RECORDED INFORMATION>
↓

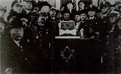 During the First World War his family moved to Vienna; there in 1916 he was elected a rabbi, passing the required examinations in the following year and returning to Przemyślany.[1] He joined the Polish Military Organisation, providing services for Polish Jewish soldiers.[1] In November 1918 he volunteered to join Polish forces in the Polish-Ukrainian war, he fought alongside the Polish forces in the battle of Lwów and remained on the frontlines until Polish forces took control of Przemyślany in May 1919.[1]
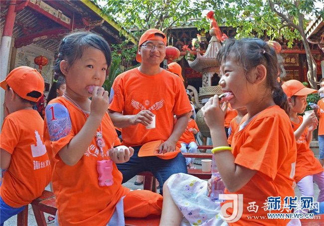 為進一步豐富廣大外來務(wù)工人員子女的暑期生活,福建省泉州市泉港區(qū)先后邀請轄區(qū)130多戶外來務(wù)工人員家庭,一起參觀當?shù)胤逦补懦?,體驗海絲文化。新華社發(fā)(林弘梫 攝)
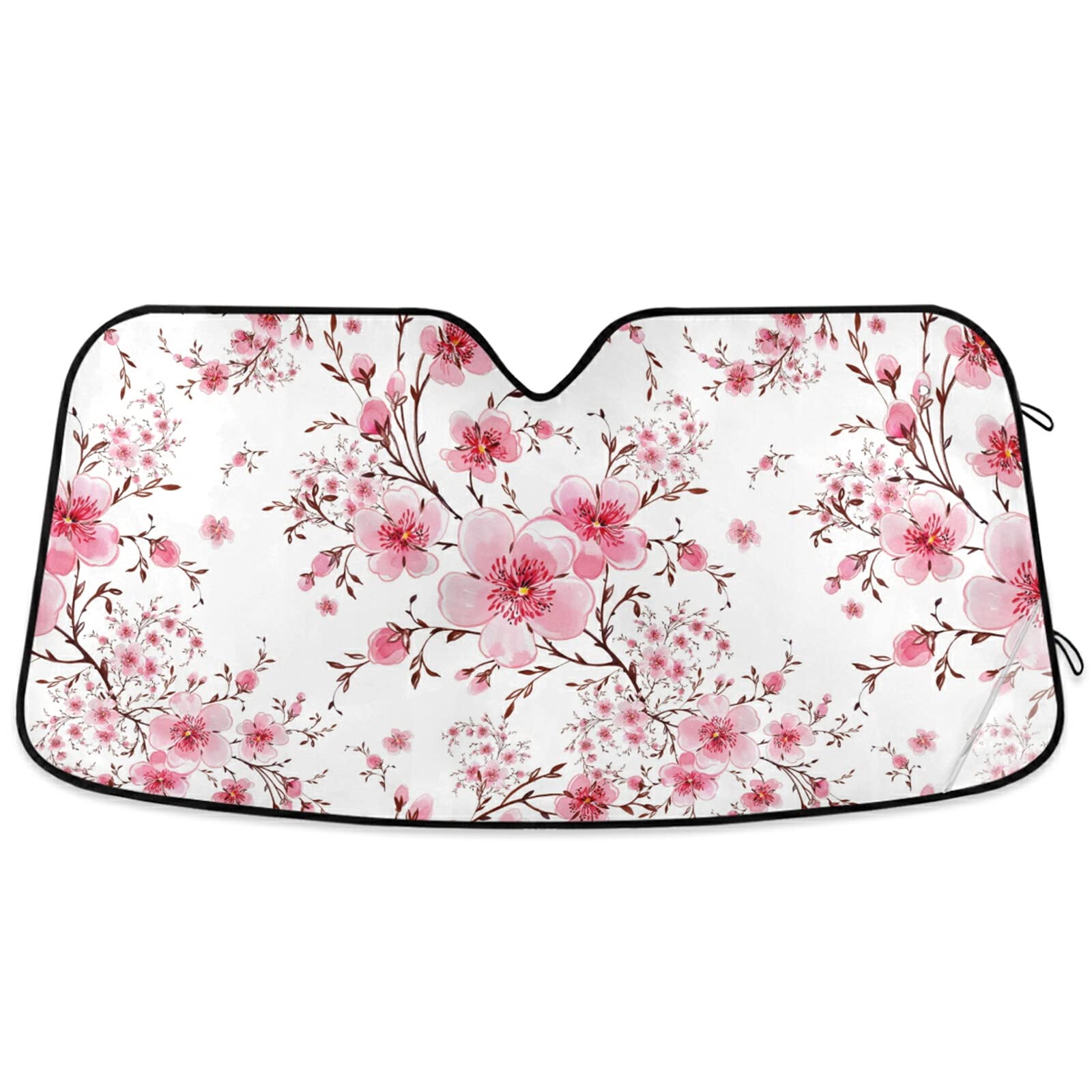 Oarencol Cherry Blossom Car Windshield Sun Shade Foldable Pink Florals UV Ray Sun Visor Protector Sunshade to Keep Your Vehicle Cool (55" x 27.6")

↑

ACTIVITY> After locating the line that contains "為進一步豐富廣大外來務(wù", output it and all later lines through the end of the material exactly, leaving out pictures.

OUTPUT BELOW>
 為進一步豐富廣大外來務(wù)工人員子女的暑期生活,福建省泉州市泉港區(qū)先后邀請轄區(qū)130多戶外來務(wù)工人員家庭,一起參觀當?shù)胤逦补懦?,體驗海絲文化。新華社發(fā)(林弘梫 攝)
 Oarencol Cherry Blossom Car Windshield Sun Shade Foldable Pink Florals UV Ray Sun Visor Protector Sunshade to Keep Your Vehicle Cool (55" x 27.6")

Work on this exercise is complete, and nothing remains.